→ Aim of the exercise:
For this exercise, retype each line of the material below verbatim and omit any picture.

→ Given material:

<<<<

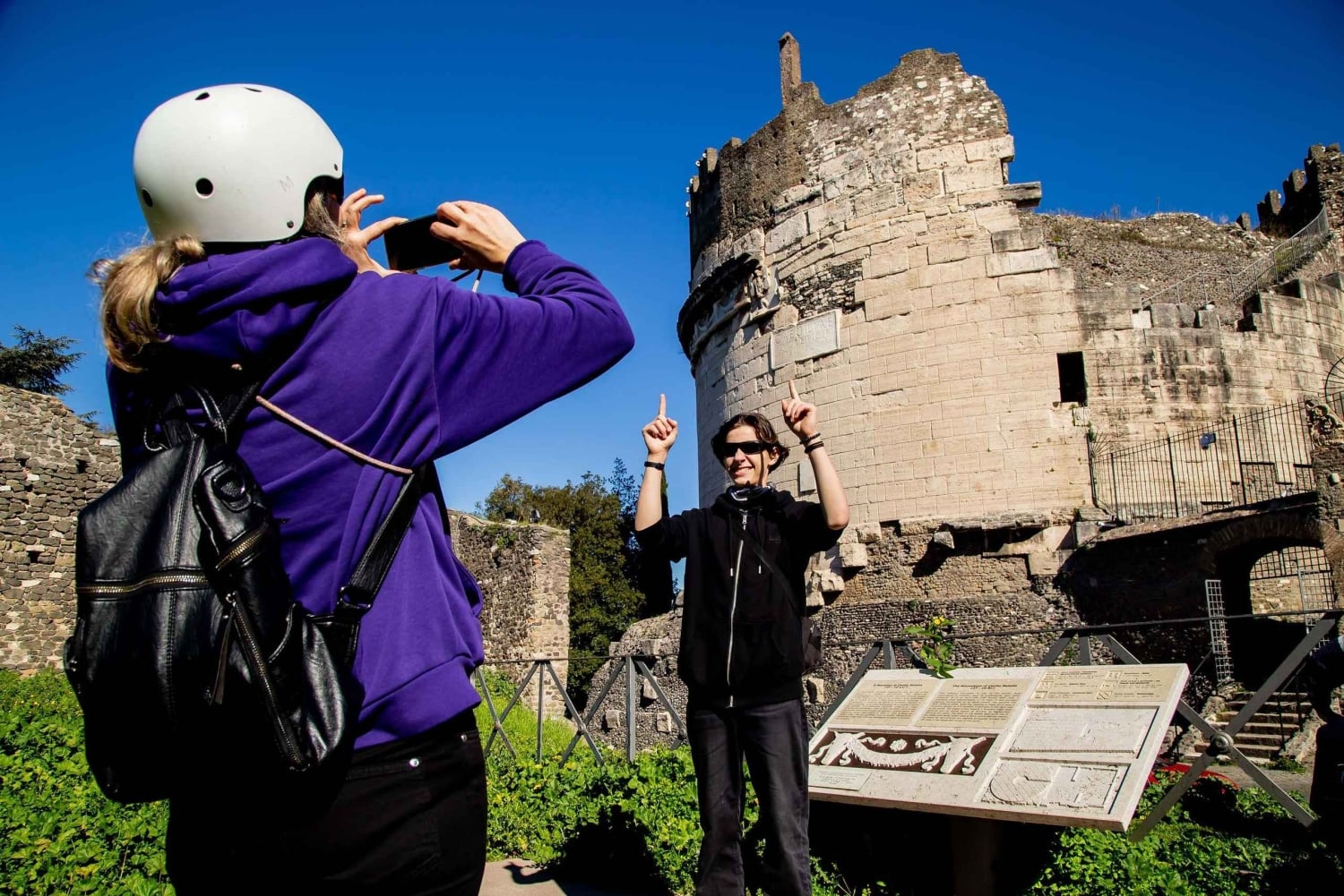 Вход в римскую каменоломню и катакомбы Качественный электровелосипед Шлем Держатель мобильного телефона Держатель руляи шлем Гид на итальянском и английском языках (французский/немецкий по запросу) Детские кресла (удерживают 25 кг) Трейлерный велосипед для детей 6-10 лет (140 см)Important Information
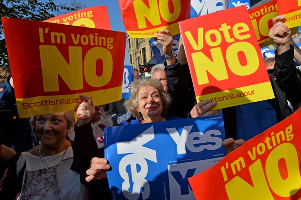 Those out canvassing don’t report encountering more blood-and-soil types than before. Instead, they say that what is driving people to ‘yes’ is a variant of the anti-politics mood that is roiling politics across the UK. The separatists have succeeded in mobilising the scorned and the scunnered in a way that insurgent parties are trying to do south of the border too. One cabinet minister warns that Westminster wouldn’t fare any better in a referendum in England than it is in Scotland.
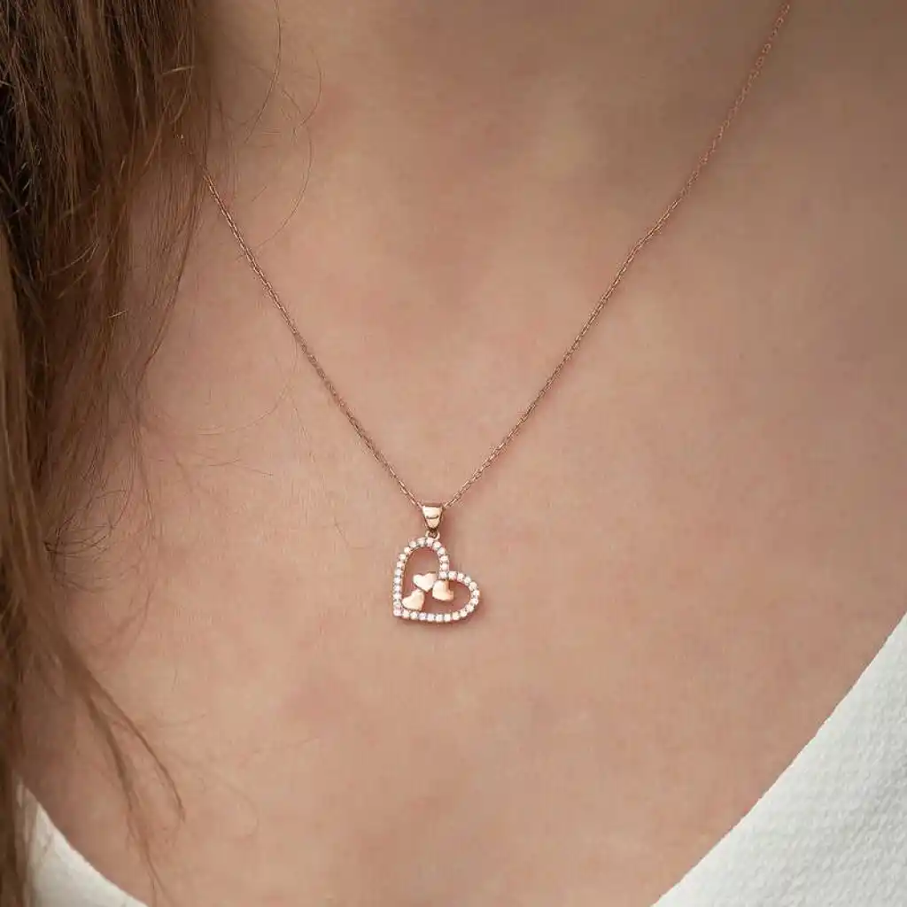 Kalp simgesi daima koşulsuz sevginin ve aşkın sembolü olmuştur. Dini öğretilerde ise kalbin gücü sınırsızdır. Çünkü kalp Yaradanın evi, bizim ise evrene açılan gerçeklik kapımızdır. kalbin içinde üç kalp kolye sevginizi temsil edecek en şık ve anlamlı kolyelerden biridir. Bu şık kalbin içinde üç kalpli kolye; doğum günü hediyesi, sevgililer günü hediyesi veya annelere hediye olarak özel günlerde tercih edilebilecek mükemmel bir seçenektir. Gümüş zirkon taşlı kalbin içinde üç kalp bayan kolye 925 ayar gümüşten imal edilmiştir. Bu kolye üzerinde rose kaplama yapılmıştır. Rose kaplama yapılan gümüş bayan kolye modelleri parlaklığını uzun süre muhafaza eder. Üzerinde bulunan ışıl ışıl taşlar zirkondur. Tüm gümüş bayan kolye modellerinde olduğu gibi gümüş kalbin içinde üç kalp bayan kolye modeli de el emeği ile üretilmiştir. Gümüş ve değerli taşlar nedeniyle belirtilen ortalama ürün ağırlığında ± %10 sapma olabilmektedir.

>>>>

→ Response area:
 Вход в римскую каменоломню и катакомбы Качественный электровелосипед Шлем Держатель мобильного телефона Держатель руляи шлем Гид на итальянском и английском языках (французский/немецкий по запросу) Детские кресла (удерживают 25 кг) Трейлерный велосипед для детей 6-10 лет (140 см)Important Information
 Those out canvassing don’t report encountering more blood-and-soil types than before. Instead, they say that what is driving people to ‘yes’ is a variant of the anti-politics mood that is roiling politics across the UK. The separatists have succeeded in mobilising the scorned and the scunnered in a way that insurgent parties are trying to do south of the border too. One cabinet minister warns that Westminster wouldn’t fare any better in a referendum in England than it is in Scotland.
 Kalp simgesi daima koşulsuz sevginin ve aşkın sembolü olmuştur. Dini öğretilerde ise kalbin gücü sınırsızdır. Çünkü kalp Yaradanın evi, bizim ise evrene açılan gerçeklik kapımızdır. kalbin içinde üç kalp kolye sevginizi temsil edecek en şık ve anlamlı kolyelerden biridir. Bu şık kalbin içinde üç kalpli kolye; doğum günü hediyesi, sevgililer günü hediyesi veya annelere hediye olarak özel günlerde tercih edilebilecek mükemmel bir seçenektir. Gümüş zirkon taşlı kalbin içinde üç kalp bayan kolye 925 ayar gümüşten imal edilmiştir. Bu kolye üzerinde rose kaplama yapılmıştır. Rose kaplama yapılan gümüş bayan kolye modelleri parlaklığını uzun süre muhafaza eder. Üzerinde bulunan ışıl ışıl taşlar zirkondur. Tüm gümüş bayan kolye modellerinde olduğu gibi gümüş kalbin içinde üç kalp bayan kolye modeli de el emeği ile üretilmiştir. Gümüş ve değerli taşlar nedeniyle belirtilen ortalama ürün ağırlığında ± %10 sapma olabilmektedir.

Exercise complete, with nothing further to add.